How can the project be used as a public space in addition to being a place of worship? AB: The Musallah sits within a cultural park that is in the heart of a busy and vibrant city block. The park itself is public, but the setting of the Musallah, in the relatively quieter north-east corner of the site, by the water, creates a natural division and subtle privacy barrier between the prayer halls and the public cultural park to ensure calm and secluded spaces for the worshippers without the need of fences or other visually intruding barriers.

Furthermore, water is used as a symbol of spiritual purification, flowing around and in between the interior functions. The water reflects light onto the façades of the geometric volumes and creates an oscillating appearance that indicates a place of worship and illustrates water’s role as a cleansing element in the ritual of prayer.

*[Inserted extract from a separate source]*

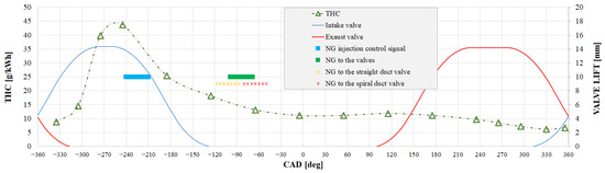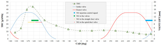The results of the tests with variable NG injection timing are shown in Figure 3, where the TDC at the end of the compression stroke corresponds to the zero point on the abscissa. The THC values are plotted in correspondence with the CAD at which the electrical impulse for injector activation is initiated. The air/gas mixture formed in the intake manifold enters the cylinder only after several rotation angles from this impulse. The values of this lag due to the physics of the process and the characteristics of the experimental system will be discussed later. In the figure, a section with small variations can be observed starting from approximately 60 CAD BTDC to approximately 180 CAD ATDC (after top dead center), and then reaching optimal values, approximately one-third of the values measured with continuous admission, around TDC in the exhaust phase. It is also important to note that the maximum THC value (about 45 g/kWh at 255 CAD) can be up to approximately three times higher than the emissions recorded with continuous manifold feeding.

Why was it important for the project to serve a wider community? MS: The Qasr Al Hosn site was designed to be a public park for the people of the community, and for Abu Dhabi as a whole, to reclaim their history. As it contains both the Fort – which is a symbol of the UAE’s maritime and desert heritage – and the Cultural Foundation – which represents modernity – the two buildings on either side of the site create a contrast between the Abu Dhabi of today with that of its past. So, the masterplan creates a public destination that on the one hand enables the current and future generations to identify with their origins, and on the other hand gives residents and visitors a unique opportunity to learn about and engage with Emirati history, culture and heritage.